11 Ball mapper – Topological Data Analysis with Julia

11.1 The Vietoris-Rips complex

Another way to reduce the complexity of a metric space is to approximate it by a simplicial complex. Simplicial complexes are like small building blocks glued together: points, line segments, triangles, tetrahedra, and their higher-dimensional analogues.

The Vietoris-Rips complex is defined from a metric space \((X, d)\) and a scale \(\epsilon > 0\) by

\[ VR(X, \epsilon) = \{ [x_1, \ldots, x_n] \; ; \; d(x_i, x_j) < \epsilon \text{ for all } i,j \}. \]

So the vertices are the points of \(X\), and we add a simplex whenever all of its vertices are pairwise close enough.

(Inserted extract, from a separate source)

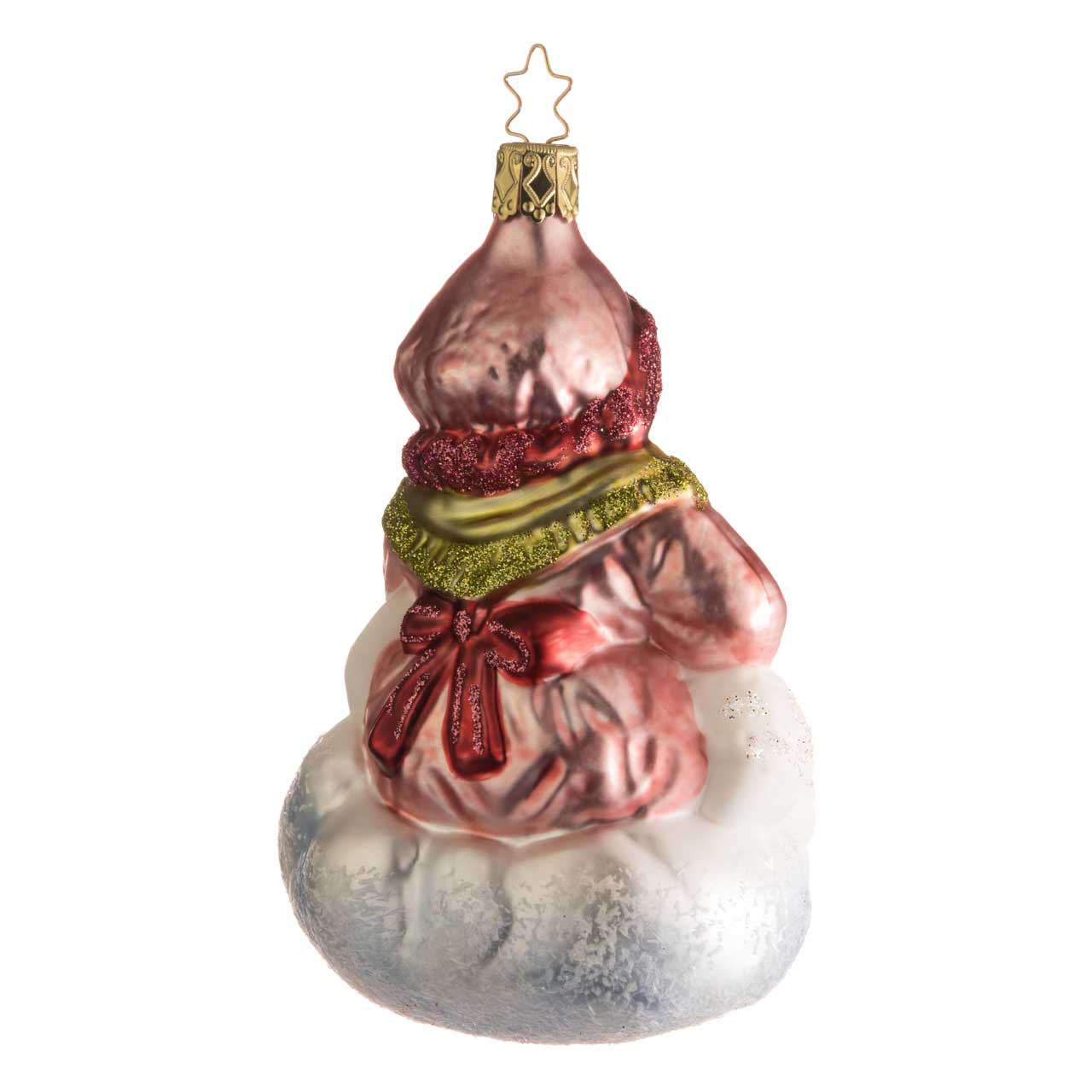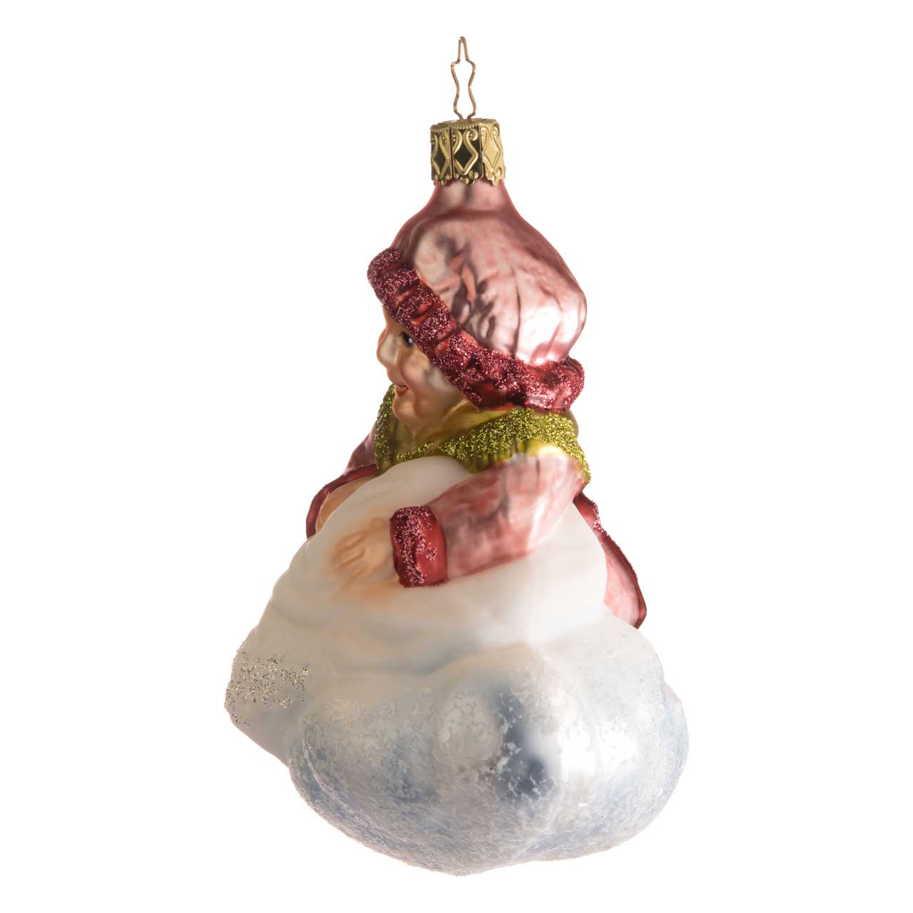 Zart bläulich schimmert das weiße, weiß beglitzerte Himmelsgebilde, das gleichzeitig ihr Sockel ist. Einen markanten Kontrast formt das matt rosafarbene Kleid der alten Dame mit beerenroten Bündchen und Schleife. Eine passende Schlafhaube umhüllt das freundliche Gesicht. Ein hellgrünes, ebenfalls beglittertes Fransentuch wärmt Schultern und Hals.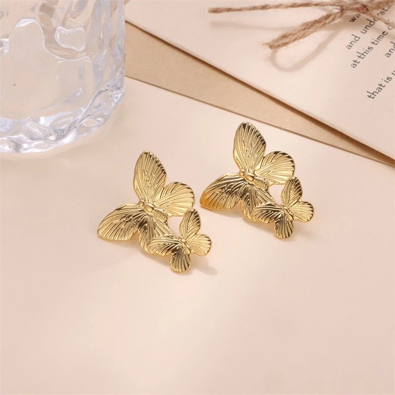 - 1 Pair Gold Butterfly Earrings Elegant Everyday Wear Chic European-and-American Style Earrings

This is one of the most common ways to turn a metric space into a combinatorial object.

The black dots are points in a metric space; the pink circles are \(\epsilon\)-balls around the points; in green, we have the Vietoris-Rips complex. Source: https://www.researchgate.net/publication/331739415_Topological_data_analysis_for_the_string_landscape

11.2 The ball mapper

Ball Mapper is clearly inspired by the Vietoris-Rips complex, but it restricts the centers of the balls to a chosen subset of landmark points. Given a metric space \((X, d)\), a subset of indices \(L \subseteq \{1, \ldots, n\}\), and a radius \(\epsilon\), we place an \(\epsilon\)-ball around each landmark and connect two landmarks when their balls overlap.

In that sense, Ball Mapper can be viewed as a landmark-based simplification of the 1-skeleton of a Rips-like construction: it keeps the large-scale geometry while using far fewer centers than the full dataset.

11.3 Example in Julia

using CairoMakie
using MetricSpaces
using MetricSpaces.Datasets
using TDAplots
using Random

To exemplify, consider a circle:

X = sphere(1000, dim = 2)
metricspace_plot(X, markersize = 4)

Now choose 100 landmarks with farthest-point sampling and build the Ball Mapper graph:

L = farthest_points_sample_ids(X, 100)
bm = ball_mapper(X, L, 0.35)

Mapper graph with 100 vertices and 1078 edges

mapper_plot(bm, node_values = node_colors(bm, first.(X)))

The resulting graph is a combinatorial shadow of the circle: it keeps the loop, but with far fewer nodes than the original point cloud. That is the point of Ball Mapper: summarize shape without carrying every point around.

11.4 Remarks

The landmark set \(L\) controls the resolution.
The radius \(\epsilon\) controls how much overlap we allow between neighboring balls.
If \(\epsilon\) is too small, the graph becomes disconnected.
If \(\epsilon\) is too large, the graph collapses and loses shape information.

Ball Mapper is especially useful when the raw point cloud is large, because it compresses the dataset before building the graph.